Повязку с глаз у него так и не сняли. Поэтому вся дорога превратилась для него в болезненную тряску и тошнотворное чувство ненависти к себе и тем, кто с ним так поступил. Конвоиры о чем-то переговаривались, смеялись, курили, они не стеснялись его присутствия, и это должно было испугать музыканта еще больше, но…

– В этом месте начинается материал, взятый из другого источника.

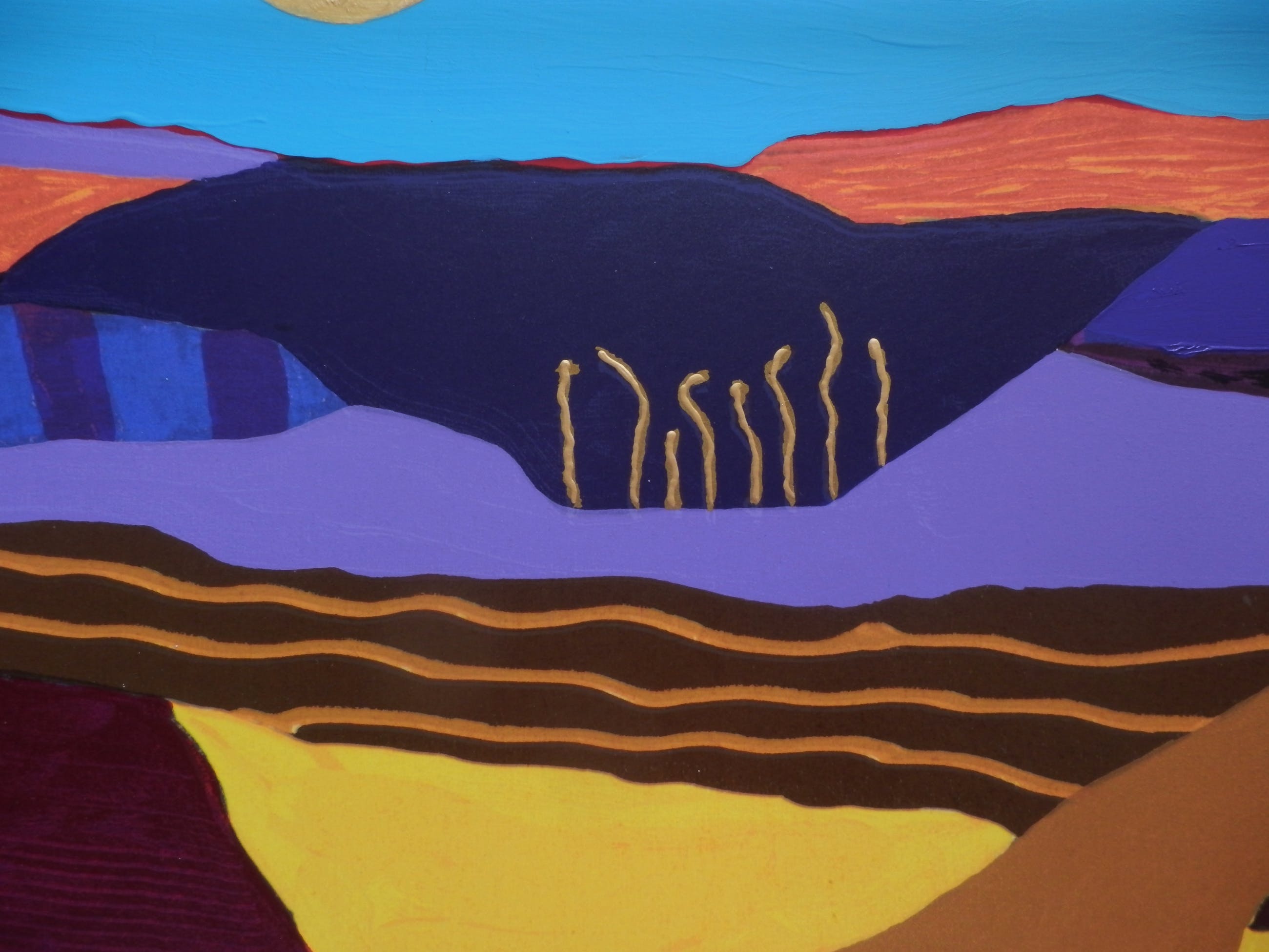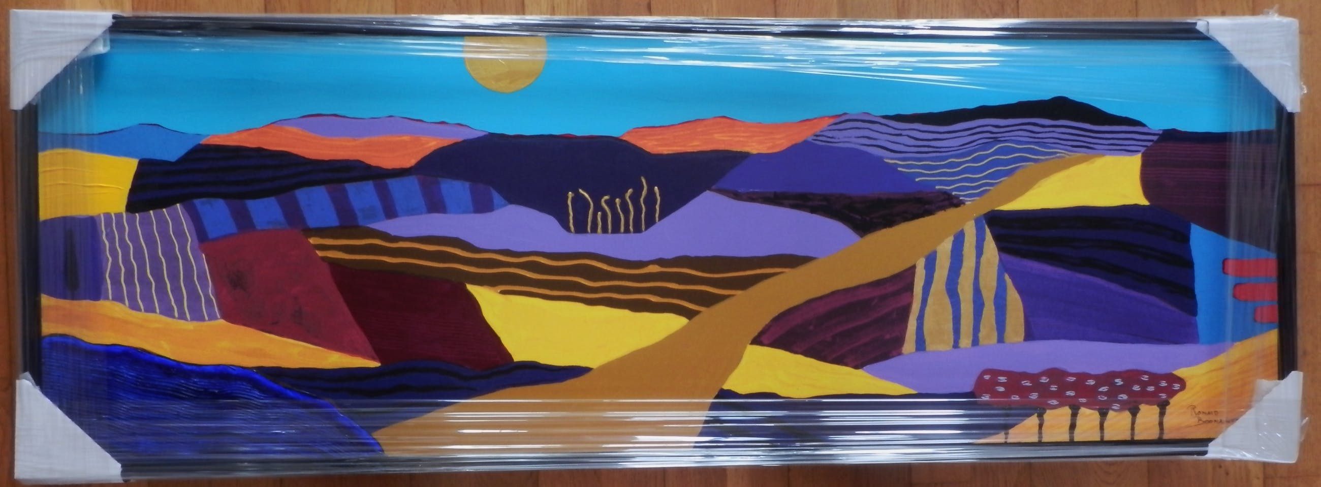 Titel werk: ROUTE DU SOLEIL. Zeer fraaie kleurenzeefdruk op paneel in zwart houten baklijst. De zeefdruk is op verschiilende plaatsen door Ronald Boonacker bewerkt met acrylverf. Afmeting zwart houten baklijst 123 x 43 cm in zeer goede staat. Het werk is gesigneerd en genummerd 2/80
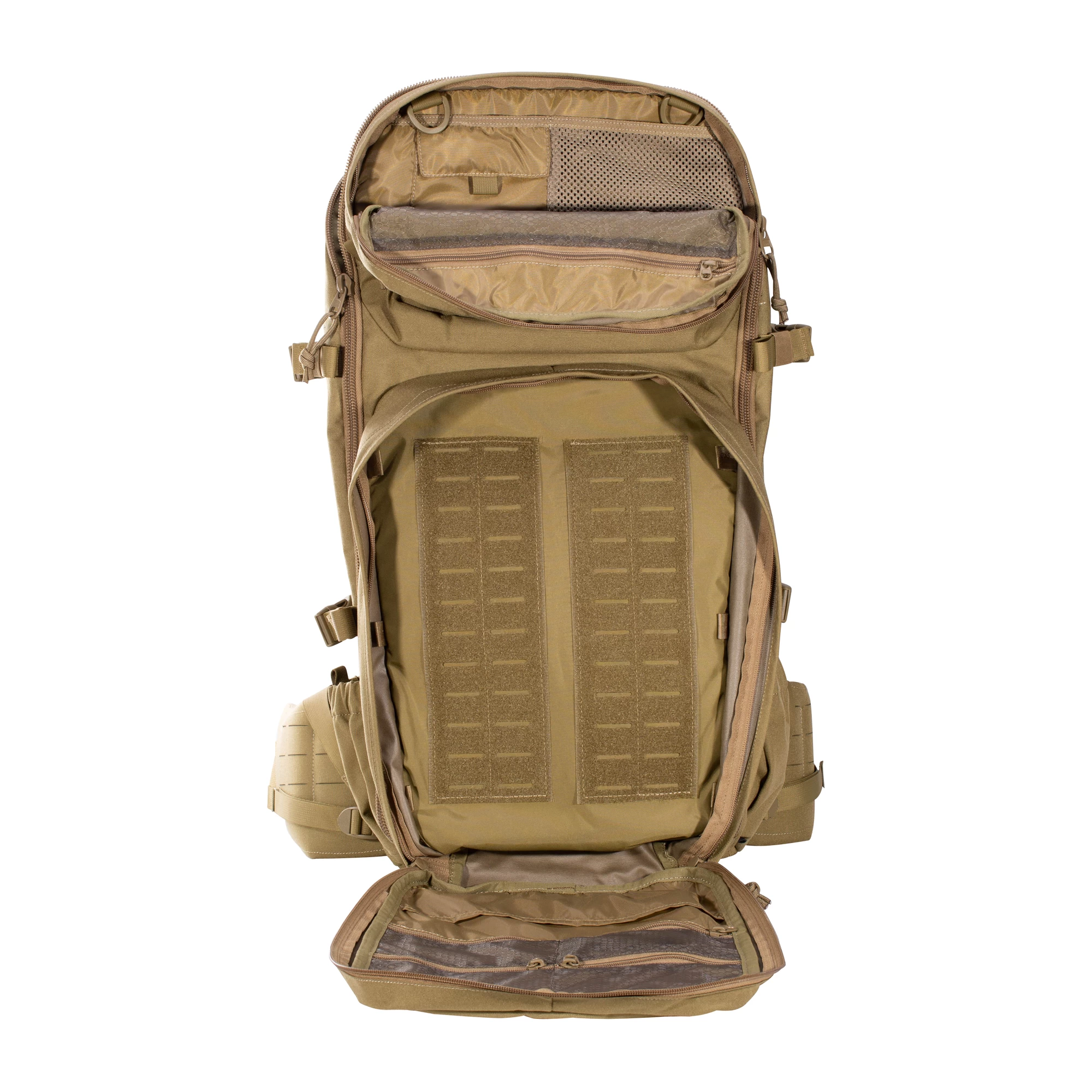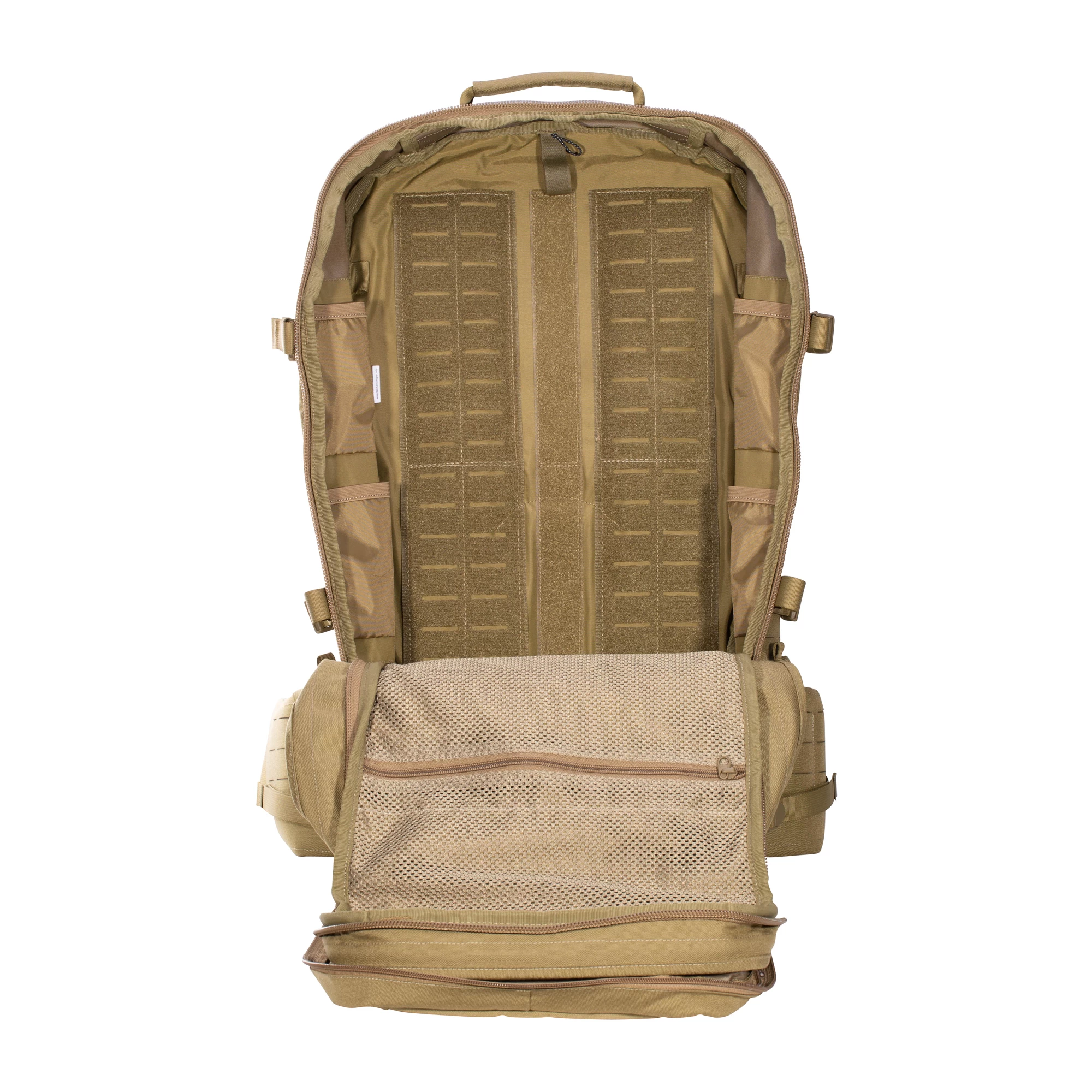 Der Deckel ist sowohl nach vorn und oben zu öffnen und ermöglicht so den Zugriff ins Hauptfach. Das erleichtert den Zugriff sowie das Packen der Ausrüstung, sodass der Rucksack als Toploader verwendet werden kann. Molle-Klett an den Rückwänden der Fächer bieten Platz für die modulare Erweiterung des Trooper Packs. Nützliche Ergänzungen wie die integrierte Regenhülle oder der abnehmbare Hüftgurt sorgen dafür, dass der Rucksack in unterschiedlichen Lebenslagen einsetzbar ist.

Но все это было где-то далеко, где-то бесконечно далеко от него, заключенного как в кокон в боль, стыд и страх.
Подохнешь ты в своем кабаке, сказала ему жена. Подохнешь. Не в кабаке, но из-за него. Из-за той проклятой ночи.
Головин не контролировал свои мысли, не сознавал, что мысленно уже смирился с тем, что умрет. Он уже пережил себя. И уже не боялся смерти.
Он мог только лениво перебирать в голове свое прошлое и стараться не думать о том, как все ЭТО будет происходить.
Он пообещал Крабу, что опознает того человека из ресторана, пообещал, чтобы немедленно прекратился ужас боли и стыда. Сейчас он не был уверен в том, что узнает хоть кого-нибудь из новогодних посетителей. И не был уверен в том, что хочет узнавать кого-нибудь.
Машина резко остановилась, музыканта вытащили из нее и буквально на руках проволокли в какую-то комнату. На улице было холодно, босые еще мокрые ноги словно обожгло. В комнате, как ему показалось вначале, было теплей, но потом он понял, что здесь давно не топили. Пахло подвальной нежилой сыростью.
Головина посадили на стул, лязгнула дверь. Руки связаны не были, но он даже не пытался развязать глаза. Какое-то безумное ледяное пламя медленно охватило все его тело. Босые ноги стояли на раскаленном от холода бетоне и судорога начала медленно скручивать их.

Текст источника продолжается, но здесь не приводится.